While Clinton says she has not yet decided if she is running for president again, she is leading all polls of possible matchups and building a campaign.

These recent comments on gun control appear to be an effort to gin up the base -- and possible donors -- by throwing out these liberal nuggets now.

Six years ago, she aimed to the right when she was running a national election and needed western and southern states to beat Barack Obama for the Democratic nomination.

Clinton saw an opening when Obama was caught at a private fundraiser in San Francisco saying that people in small towns “get bitter; they cling to guns or religion.”

Suddenly Clinton’s campaign stops turned into pro-gun rallies.

“People enjoy hunting and shooting because it’s an important part of who they are. Not because they are bitter,” she said. At another stop, she told supporters that her father taught her to shoot as a girl, then she waxed poetic about going duck hunting.

Obama felt the target on his back.

“She’s talking like she’s Annie Oakley,” said the first-term Illinois senator. “Hillary Clinton is out there like she’s on the duck blind every Sunday. She’s packing a six-shooter. Come on, she knows better. That’s some politics being played by Hillary Clinton.”

Obama had a point that politics were being played.
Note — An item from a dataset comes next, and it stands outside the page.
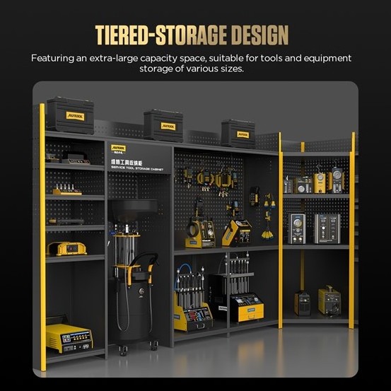 AUTOOL has introduced a new series of maintenance tool storage cabinets tailored for the storage and management of various automotive repair tools. The series includes single cabinets, double-set cabinets, and corner cabinets, allowing users to customize their setup based on practical workspace requirements. Constructed from high-quality cold-rolled carbon steel, these cabinets boast a load-bearing capacity of approximately 220 pounds without deformation. Noteworthy features include hooks and pegboards for the organized storage of instruments and diagnostic tools. The cabinets' sleek design and practicality make them suitable for use in factory workshops, repair facilities, or by individuals.

When Clinton was first lady, she backed her husband Bill Clinton’s successful push to pass an “assault-weapons” ban in 1993 (which expired in 2003.)

As secretary of State, Clinton called on Congress to reinstate the ban on Americans owning military-style rifles to prevent trafficking from the U.S. “The Mexican people are worried about what's coming south -- assault weapons, bazookas, grenades," she said in Monterrey in March 2009.
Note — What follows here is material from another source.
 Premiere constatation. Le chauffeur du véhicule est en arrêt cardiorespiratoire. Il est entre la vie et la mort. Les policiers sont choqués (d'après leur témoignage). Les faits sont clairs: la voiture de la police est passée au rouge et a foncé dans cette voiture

When running for a Senate seat in New York in 2008, she went even further. Clinton said that, if elected, she would support a bill sponsored by Sen. Dianne Feinstein, D-Calif., that would set up a national gun registry and require that citizens take a class and get a license before purchasing a firearm.

"We license drivers before they get behind the wheel to make sure they can drive safely. We register cars to make sure someone is responsible for every vehicle on the road,” Clinton told a newspaper publisher in New York in May 2000, according to CNN. “But we don't do the same for deadly weapons."

This isn’t the first time the Clinton family has been accused of changing views for political expediency. Bill Clinton was infamously represented by a floating waffle in the “Doonesbury” cartoon during his presidency. Now it’s Hillary’s turn to explain to voters that her shifting views on gun control are sincere.